I wont pretend to guess* how they'll perform the discovery, but I highly doubt it will result in humans reading more than a handful of the records in total outside of the ones found via whatever method they automate the discovery process.
If there's top secret information in there, and it was somehow stumbled upon by one of these lawyers or a paralegal somewhere, I find it impossibly unlikely they'd be stupid enough to do anything other than run directly to whomever is the rightful possessor of said information and say "hey we found this in this place it shouldn't be" and then let them deal with it. Which is what we'd want them to do.
*Though if I had to speculate on how they'd do it, I do think the funniest way would be to feed the records back into chatgpt and ask it to point out all the times the records show evidence of infringement
It sounds like the alternate path you're suggesting is for NYT to stop being wrong and let OpenAI continue being right, which doesn't sound much like a compromise to me.
> prevent the loss of being the middle-man between events and users
I'm confused by this phrase.

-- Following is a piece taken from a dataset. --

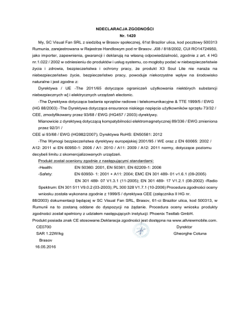 NDECLARACJA ZGODNOŚCI Nr. 1420 My, SC Visual Fan SRL z siedzibą w Brasov społecznej, 61st Brazilor ulica, kod pocztowy 500313 Rumunia, zarejestrowana w Rejestrze Handlowym pod nr Brasov. J08 / 818/2002, CUI RO14724950, jako importer, zapewnienia, gwarancji i deklarują na własną odpowiedzialność, zgodnie z art. 4 HG nr.1.022 / 2002 w odniesieniu do produktów i usług systemu, co mogłoby podać w niebezpieczeństwie życia i zdrowia, bezpieczeństwa i ochrony pracy, że produkt X3 Soul Lite nie naraża na niebezpieczeństwo życie, bezpieczeństwo pracy, powoduje niekorzystne wpływ na środowisko naturalne i jest zgodne z: Dyrektywa / UE -The 2011/65 dotyczące ograniczeń użytkowania niektórych substancji niebezpiecznych w] i elektrycznych urządzeń electonic. -The Dyrektywa dotycząca badania sprzętów radiowe i telekomunikacyjne & TTE 1999/5 / EWG (HG 88/2003) -The Dyrektywa dotycząca ensurance niskiego napięcia użytkowników sprzętu 73/32 / CEE, zmodyfikowany przez 93/68 / EWG (HG457 / 2003) dyrektywy. Mianowicie z dyrektywą dotyczącą kompatybilności elektromagnetycznej 89/336 / EWG zmieniona przez 92/31 / CEE si 93/68 / EWG (HG982/2007); Dyrektywa RoHS: EN50581: 2012 -The Wymogi bezpieczeństwa dyrektywy europejskiej 2001/95 / WE oraz z EN 60065: 2002 / A12: 2011 si EN 60950-1: 2006 / A1: 2010 / A11: 2009 / A12: 2011 normy, dotyczące poziomu decybeli limitu z skomercjalizowanych urządzeń. Produkt został oceniony zgodnie z następującymi standardami: -Health: EN 50360: 2001, EN 50361; EN 62209-1: 2006 -Safety: EN 60950- 1: 2001 + A11: 2004; EMC EN 301 489- 01 v1.6.1 (09-2005) EN 301 489- 07 V1.3.1 (11-2005); EN 301 489- 17 V1.2.1 (08-2002) -Radio Spektrum: EN 301 511 V9.0.2 (03-2003); PL 300 328 V1.7.1 (10-2006) Procedura zgodności oceny wniosku została wykonana zgodnie z 1999/5 / dyrektywa CEE (załącznika II HG nr. 88/2003) dokumentacji będącej w SC Visual Fan SRL, Brasov, 61-ci Brazilor ulica, kod 500313, w Rumunii na to zostaną oddane do dyspozycji na żądanie. Procedura oceny wniosku produkty zgodności został spełniony z udziałem następujących instytucji: Phoenix Testlab GmbH. Produkt posiada znak CE stosowane.Deklaracja zgodności jest dostępna na www.allviewmobile.com. CE0700 SAR 1.22W/kg Brasov 16.05.2016 Dyrektor Gheorghe Cotuna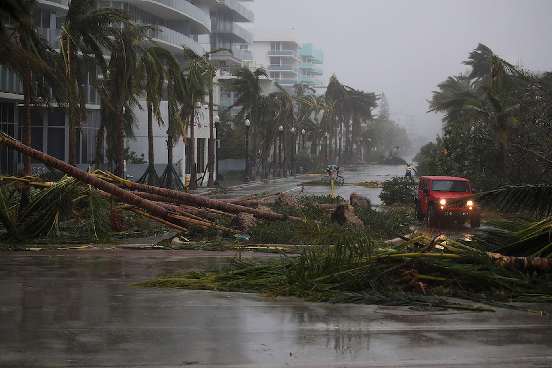 A vehicle passes downed palm trees and two cyclists attempt to ride as Hurricane Irma passed through the area on September 10, 2017 in Miami Beach, Florida. Florida is taking a direct hit by the Hurricane which made landfall in the Florida Keys as a Category 4 storm on Sunday, lashing the state with 130 mph winds as it moves up the coast. Joe Raedle/Getty Images

I may be misreading but it sounds like you're frustrated, or at least cynical about NYT wanting to preserve their business model of writing about things that happen and selling the publication. To me it seems reasonable they'd want to keep doing that, and to protect their content from being stolen.

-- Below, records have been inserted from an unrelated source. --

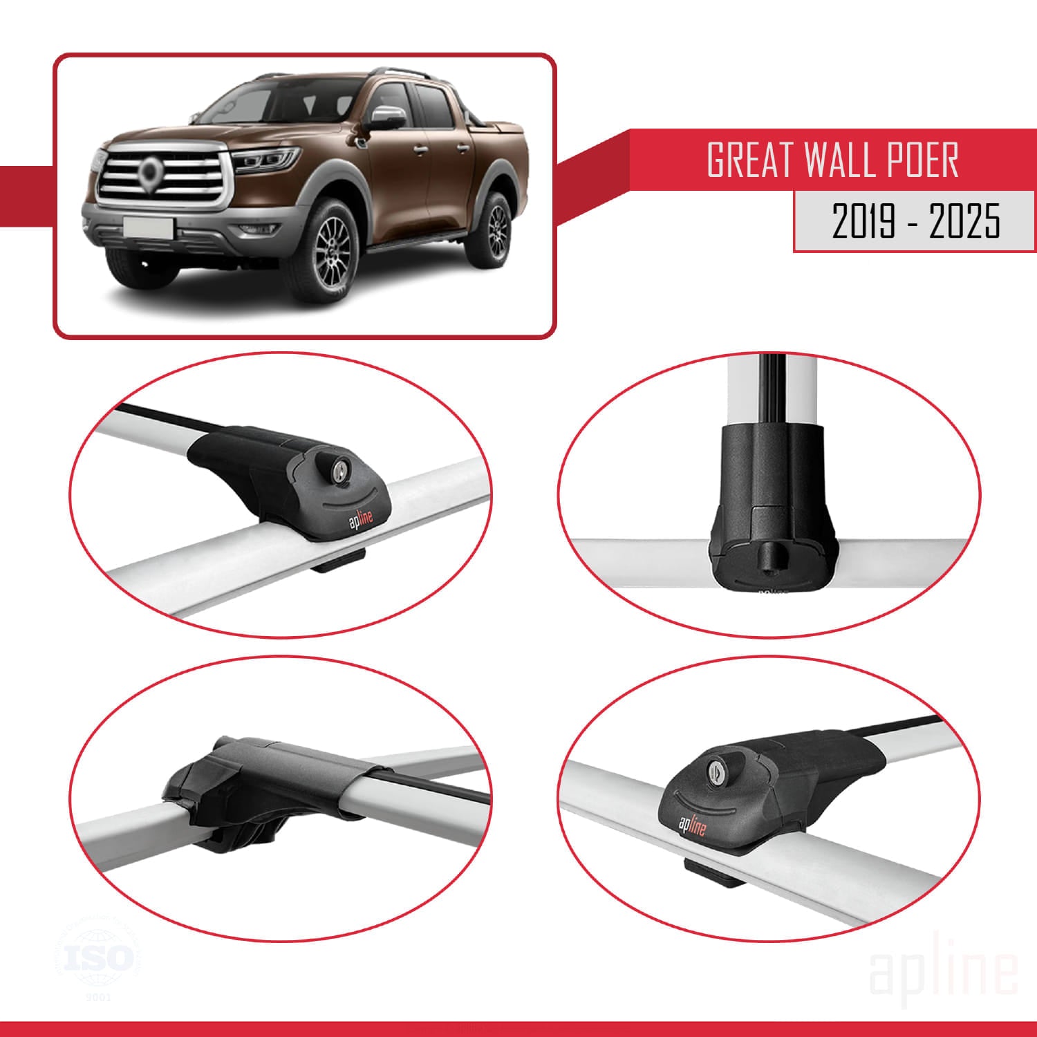 Kompatibel mit Great Wall Power 2019-2025 ACE-1 Dachgepäckträger, Reling, Autogepäckträger, graues Aluminium, 3 Stangen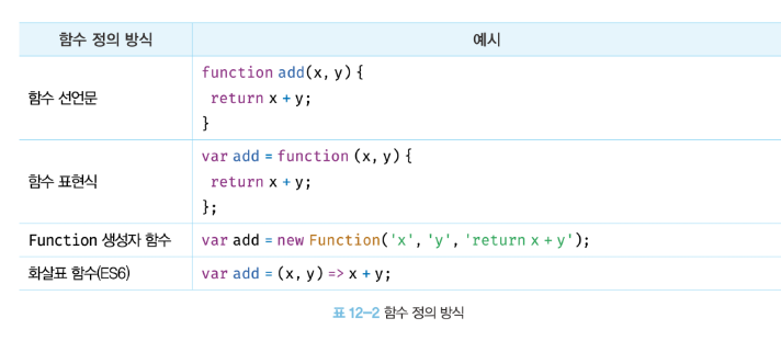정의된 함수는 자바스크립트 엔진에 의해 평가되어 함수 객체가 된다. 함수를 정의하는 방법은 4가지가 있다.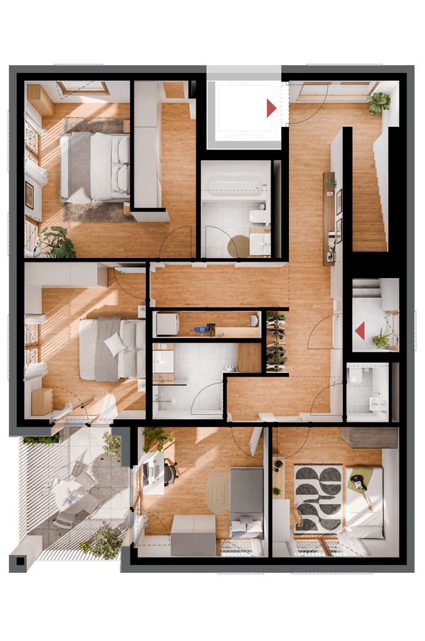 Diese prächtige zweistöckige Wohnung verteilt sich auf 194 m² Wohnfläche. Die Hauptebene mit breiter Südausrichtung wird neben dem grandiosen Wohn-Essbereich mit 4 Zimmern und 2 Bädern sowie 3 Loggien und Nebenräumen bespielt. Die Galerie eröffnet einen privaten Bereich mit Dachterrasse, der sich bestens für zB. Fitness- oder Zubereich zur großen 20m² Dachterrasse anbietet.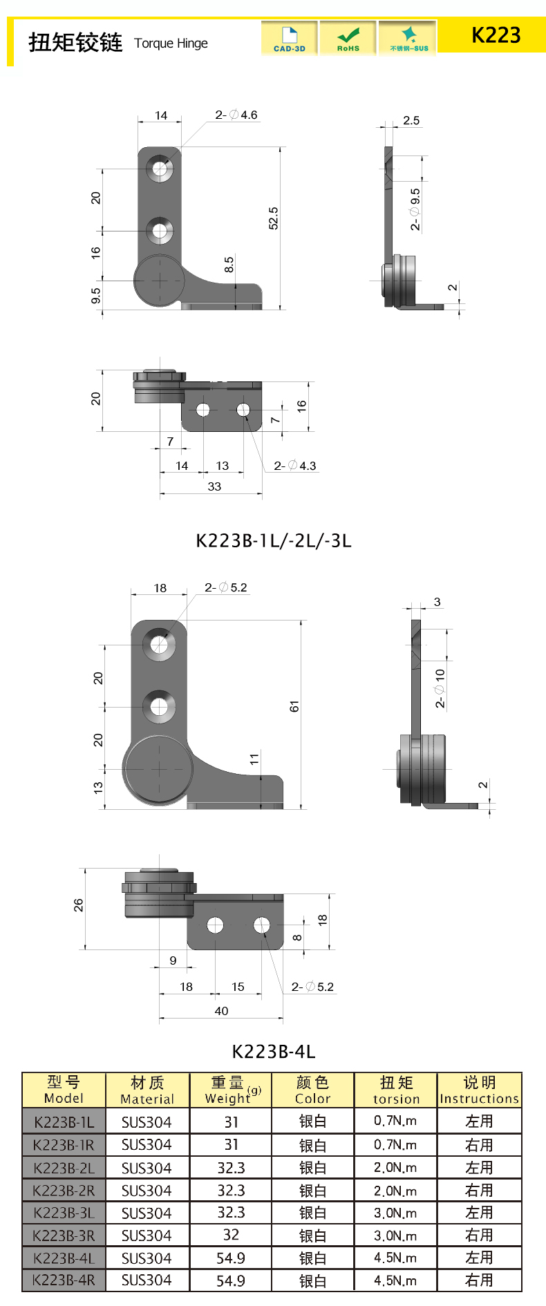 | K223B-3L | SUS304 | 銀白 | 32.31 | 固定扭矩 | 下載 | ||||

They certainly aren't the sole publication of written content about current events, so calling them "the middle-man between events and users" feels a bit strange.
If your concern is that they're trying to prevent OpenAI from getting a foot in the door of journalism, that confuses me even more. There are so, so many sources of news: other news agencies, independent journalists, randos spreading word-of-mouth information.
It is impossible for chatgpt to take over any aspect of being a "middle-man between events and users" because it can't tell you the news. it can only resynthesize journalism that it's stolen from somewhere else, and without stealing from others, it would be worse than the least reliable of the above sources. How could it ever be anything else?
This right here feels like probably a good understanding of why NYT wants openai to keep their gross little paws off their content. If I stole a newspaper off the back of a truck, and then turned around and charged $200 a month for the service of plagiarizing it to my customers, I would not be surprised if the Times's finest lawyers knocked on my door either.
Then again, I may be misinterpreting what you said. I tend to side with people who sue LLM companies for gobbling up all their work and regurgitating it, and spend zero effort trying to avoid that bias
> preserve their business model of writing about things that happen and selling the publication. To me it seems reasonable they'd want to keep doing that
Be very wary of companies that look to change the landscape to preserve their business model. They are almost always regressive in trying to prevent the emergence of something useful and new because it challenges their revenue stream. The New York Times should be developing their own AI and should not be ignoring the march of technological progress, but instead they are choosing to lawyer up and use the legal system to try to prevent progress. I don't have any sympathy for them; there is no right to a business model.
This feels less like changing the landscape and more like trying to stop a new neighbor from building a four-level shopping complex in front of your beach-front property while also strip-mining the forest behind.
As for whether the Times should be developing their own LLM bot, why on earth would they want that?